Generalization is the process of building a taxonomy of knowledge. We categorize new knowledge in relation to things we know (remember, we began with the seed and built on that). These categories form hierarchies that fit into the overall taxonomy of our knowledge. Sometimes we make errors in generalizing and have to recategorize things. Some new knowledge is exceptional, requiring us to go through the complex process of either creating a brand new category or remembering how the new thing differs from the other knowledge with which we group it. This generalization process has been the subject of study for years.
Many, many centuries ago, Aristotle put it this way: “In the first place, it is much more true of the possession of knowledge that it depends upon a particular relation.” The acquisition of knowledge, according to Aristotle, depends on “the presence of something else,” such as a part-whole or membership relation” (Physics, Book 7 ch. 3). He begins his treatise on physics by pointing out that we “do not think that we know a thing until we are acquainted with its primary conditions or first principles, and have carried our analysis as far as its simplest elements” (Physics, Book 1 ch. 1). The primary conditions Aristotle refers to could also be described as context and analysis. The simplest elements are the component parts of the thing, whether that thing be a physical object or an abstract concept such as language or grammar.

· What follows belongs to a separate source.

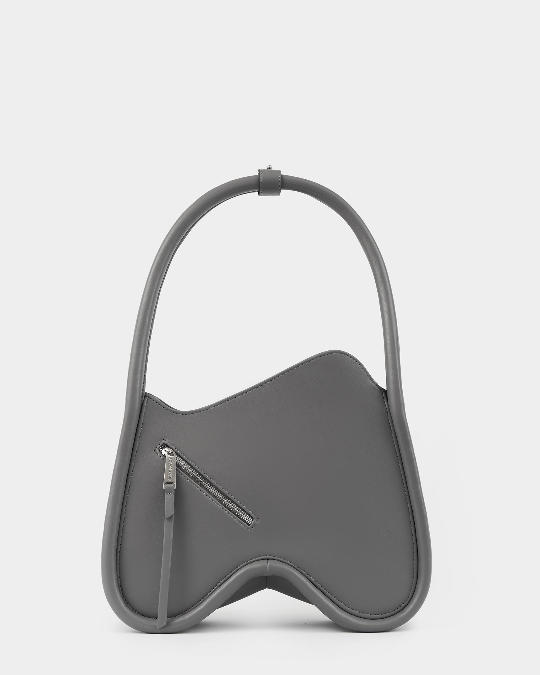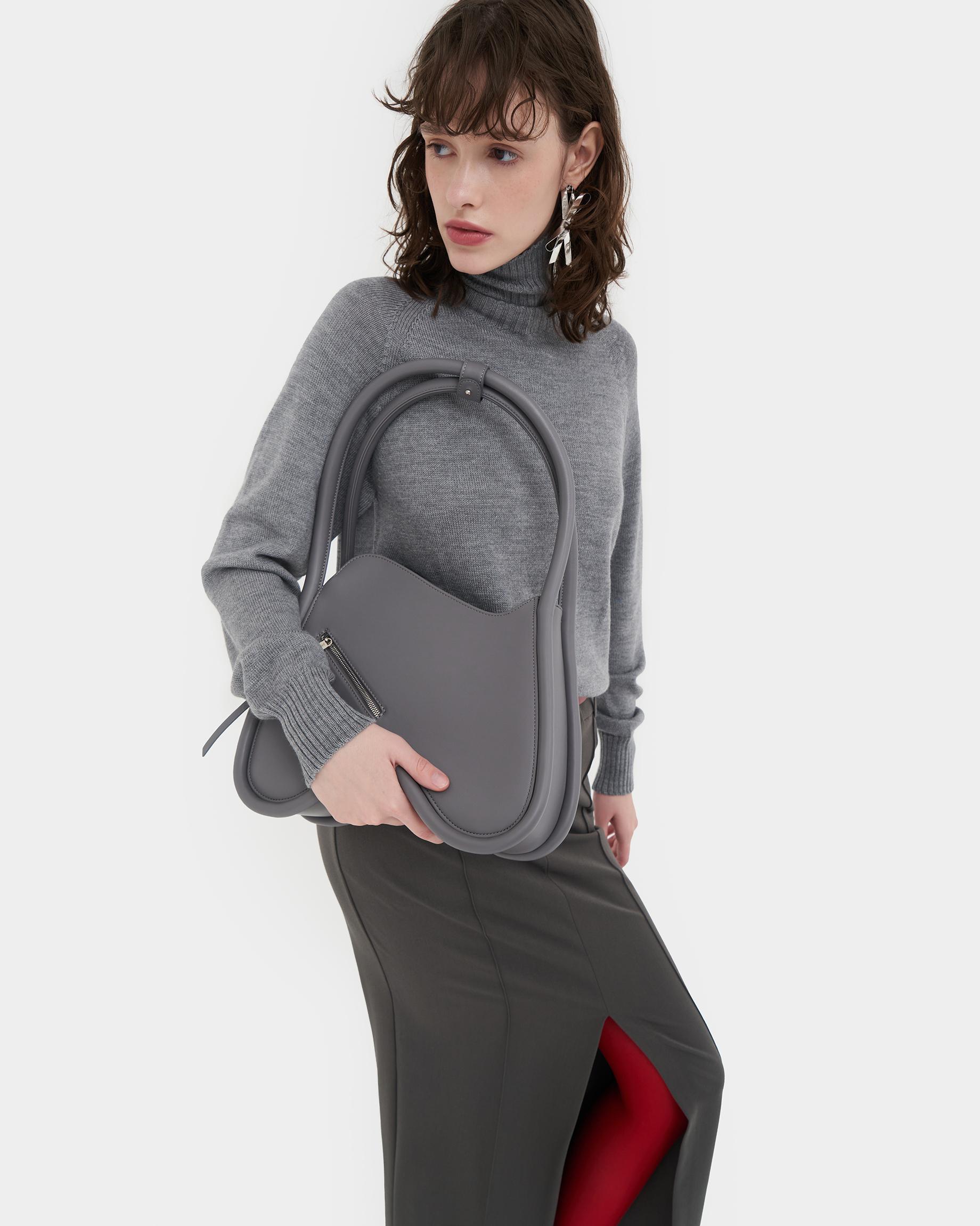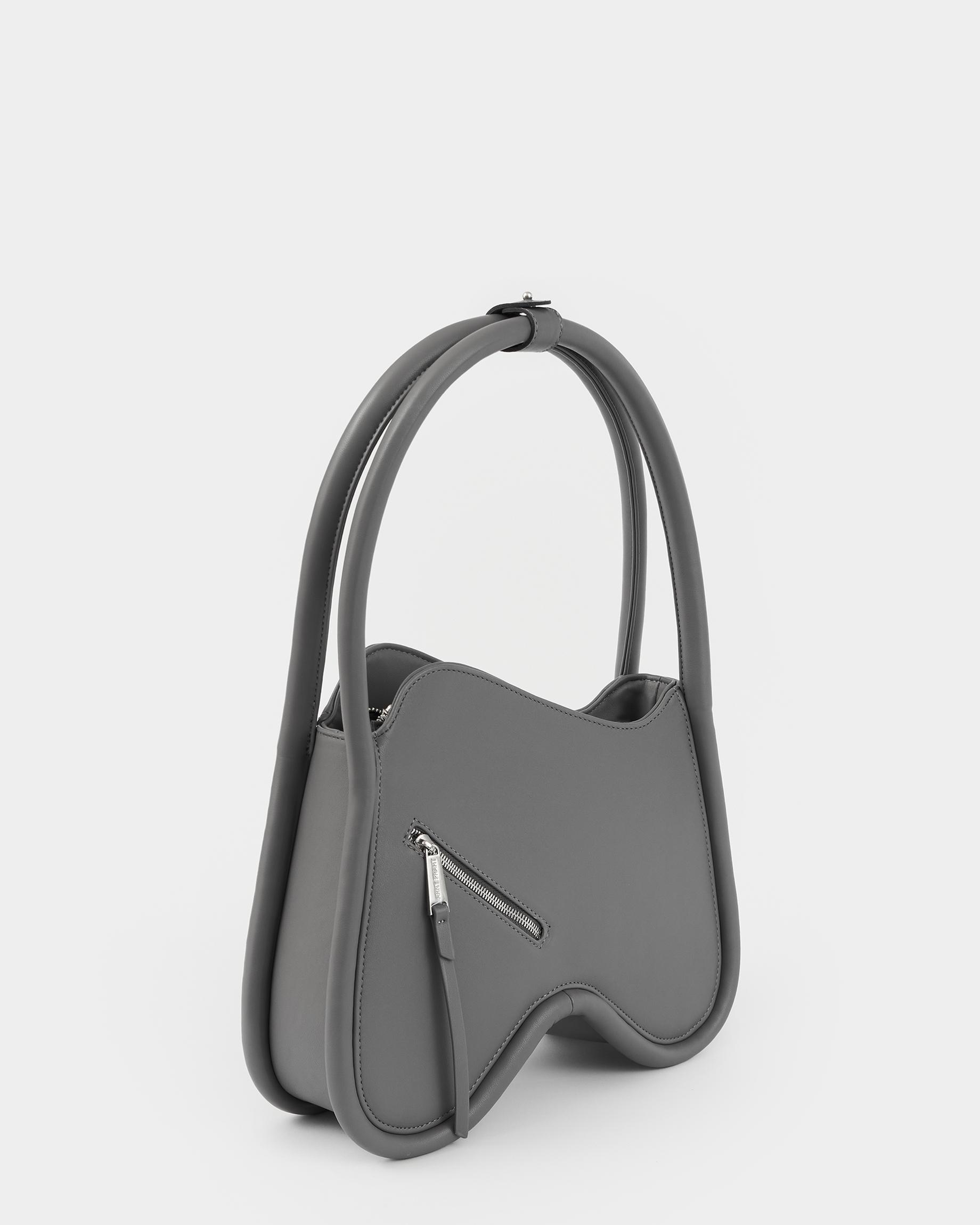Каркасная сумка в форме перевернутого сердца с объемным кантом в цвете шедоу

The result of generalization is a taxonomy of all knowledge broken up into hierarchical groups. For example, in the physical universe we may group things as follows:
Taxonomy of Physical Feedback
In this taxonomical model of mindfulness, the brain is the center. The physical mechanisms of the body feed kinesthetic impulses back to the brain to keep it apprised of the status of all systems.
Through kinesthesia, we can be consciously aware (though perhaps not in control) of our physiological responses to emotions. Accelerated heart rate, muscle tension, and goosebumps are part of cognition. Whether or not we are aware of our physiological responses, they contribute to our ability to recognize and respond to events in the world around us.
The computer that understands our language must be able to generalize, and use hierarchical knowledge to understand our intent in the context of our understanding of everything around us.